We are all aware of the catastrophic situation with AIDS in parts of Africa but to start more suffering by causing new Thalidomiders is not the solution. If Thalidomide is going to be used, then extreme security measures must be taken.
The FfdN wants to ask WHO what actions of precaution you will take to prevent another disaster.
As the Director of the WHO, we urge to you to stop the abuse of Thalidomide. Please, do not let this terrible drug start a new epidemic around our globe.
The Thalidomide Association of Sweden would like to ask for a meeting with you as the director of The World Health Organization, to discuss the situation and the required safety actions that have to be taken.
Chairwoman, the board of the Thalidomide Association of Sweden
WORLD HEALTH ORGANIZATION ORGANISATION MONDIALE DE LA SANTE
Dr Tina Henriksson 17 July 2001
Chairwoman, the Board of the Thalidomide
Association of Sweden
c/o EX-Center, Röda Korsets sjukhus
114 28 STOCKHOLM
Dear Dr Henriksson,
Thank you for your letter to the Director-General regarding the potential for misuse of the drug thalidomide. We share your concern over the increase in the use of thalidomide, and in fact the tragedy in the sixties was one of the instigating factors towards the founding of the World Health Organization`s Programme for International Drug Monitoring.
The current WHO-recommended multi-drug therapy regimens for leprosy do not include thalidomide, nor is this drug recommended by WHO for the treatment of AIDS-related diseases.

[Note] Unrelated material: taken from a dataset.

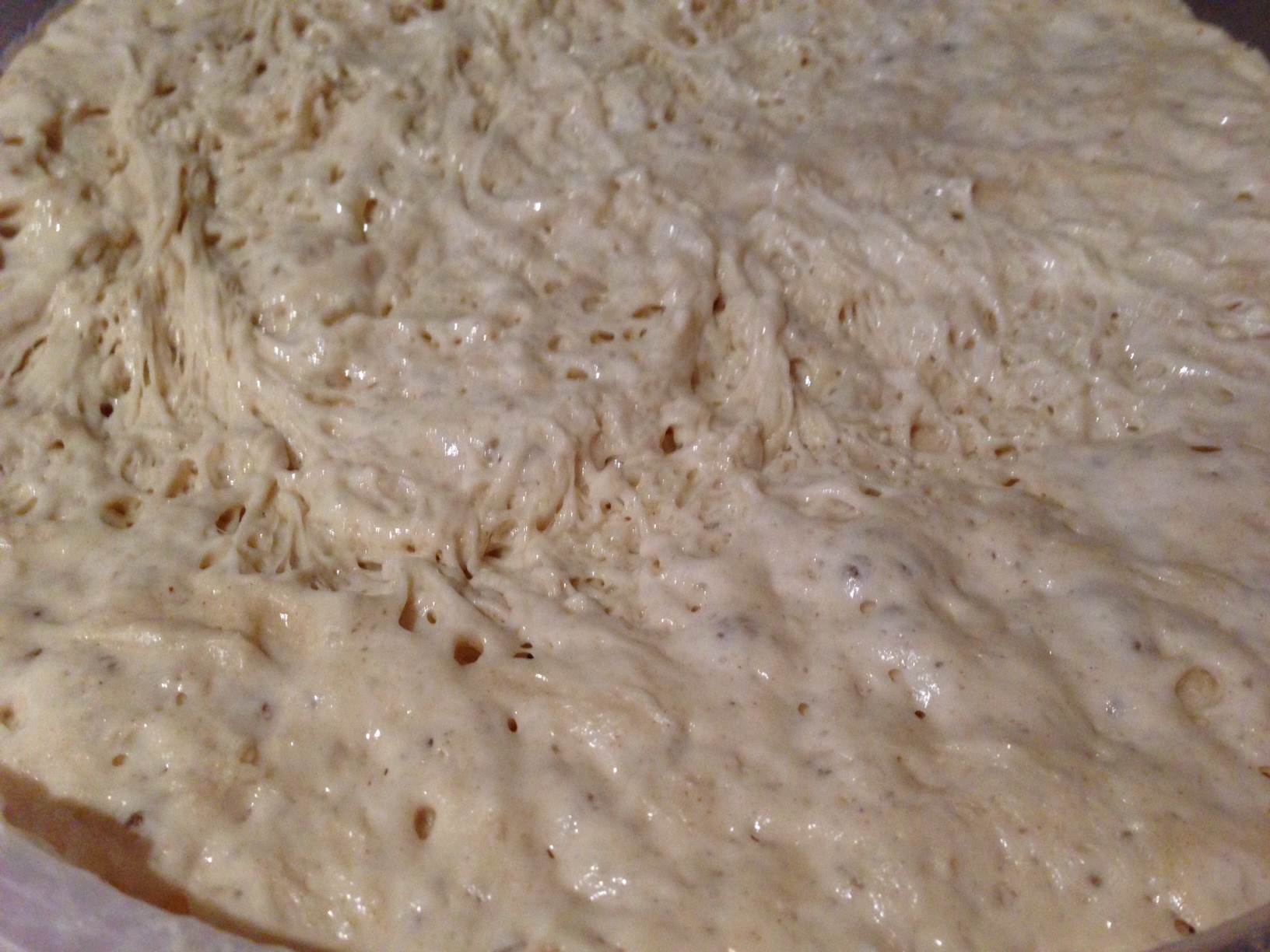 After 5 hours, it will look like this!  It’s extremely slimy to work with (on the first day)… But this is the dough!
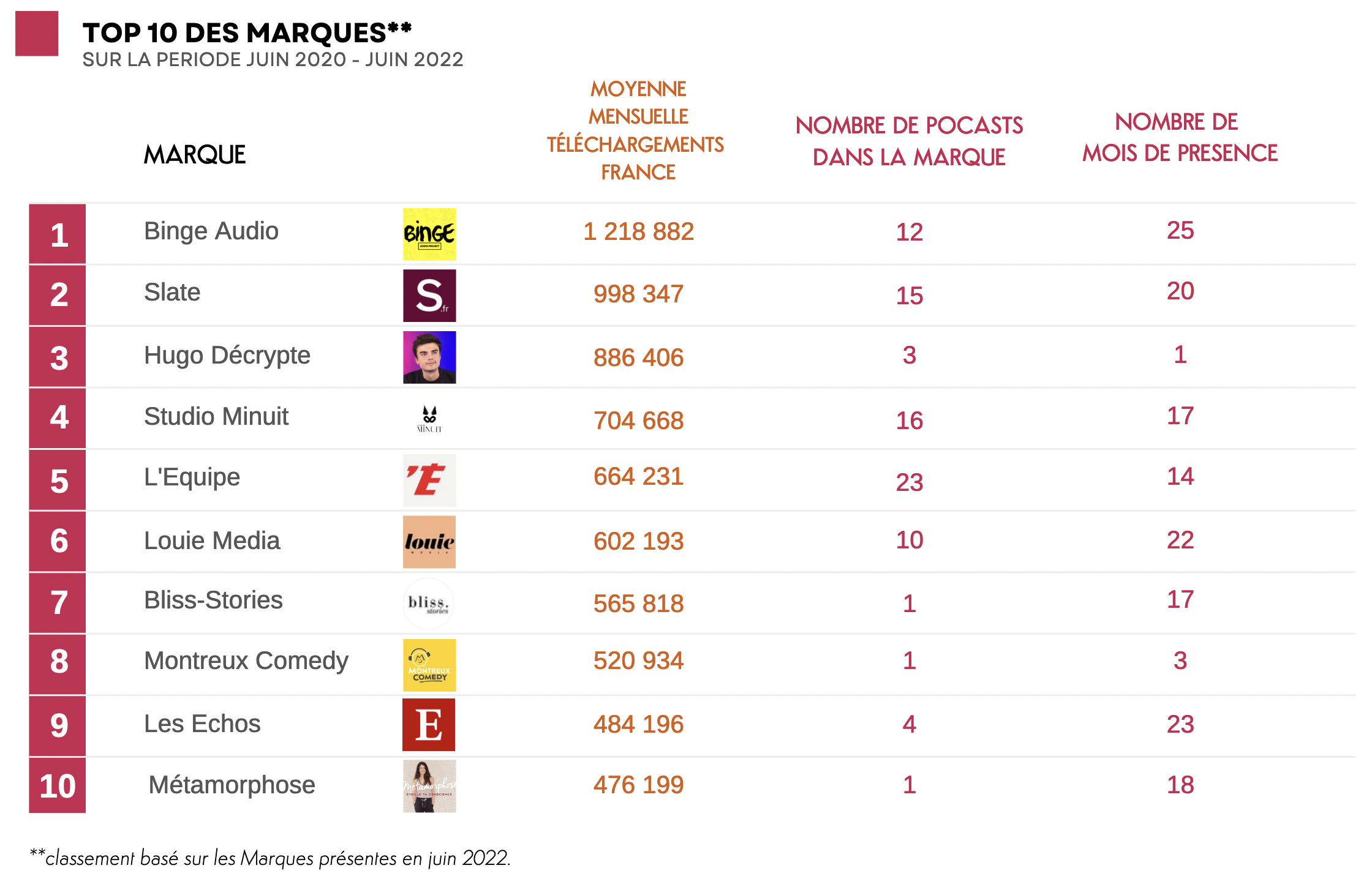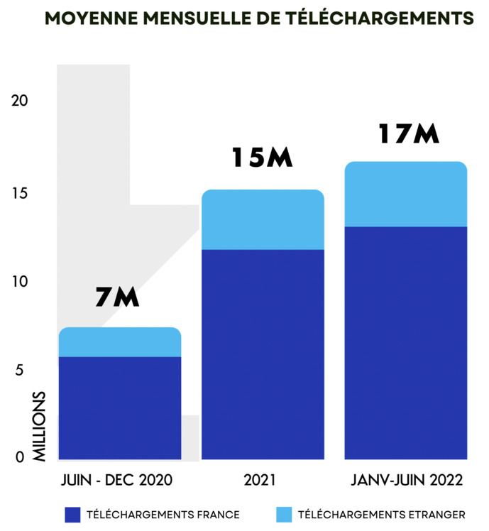 En 2020, 7 millions de podcasts étaient téléchargés, en moyenne, par mois. Deux ans plus tard, l'audience s'envole. Pour le seul premier semestre de l'année 2022, l'ACPM constate une moyenne mensuelle de 17 millions de podcasts téléchargés... Par ailleurs, l'organisme certifie désormais 297 podcasts (contre seulement 31 en juin 2020) et 9 marques de podcasts sur 10 présentes en juin 2020 le sont toujours en 2022.

During 1988-1999 the FDA gave marketing authorization for thr use of thalidomide as an orphan drug for several different indications including the treatment of erythema nodosum leprosum, multiple myeloma, treatment of HIV-associated wasting syndrome and Kaposi´s sarcoma. These treatments were introduced with a ”System for Thalidomide Education and Prescribing Safety” programme which was designed to help ensure that thalidomide should never be given during pregnancy. However, as you rightly point out, thalidomide is used in many countries for these indications where no such safety programmes are in place with the result that many babies are again being born with congenital malformations due to the effects of thalidomide.
WHO is not a supra-regulatory authority and is therefore not able to impose regulations on individual Member States. We work towards strengthening regulatory systems in developing countries and have an active programme on ensuring the safety monitoring of all medicines through the above-mentioned WHO Programme on International Drug Monitoring. This Programme has a database of some 2.7 million reports of adverse effects from 60 Member States and it serves to provide information to identify ’early warning signals’ of adverse effects in order that an event such as the thalidomide tragedy can never occur again. In addition, although WHO does not recommend the use of thalidomide, the Organization is ready to provide advice towards setting up safety monitoring programmes in countries who are intending to use thalidomide for any of the previously-mentioned indications.
We hope that this letter will reassure you that WHO has always played a supportive role in preventing the misuse of drugs and that we are actively involved in developing resources to respond to this important issue in the future.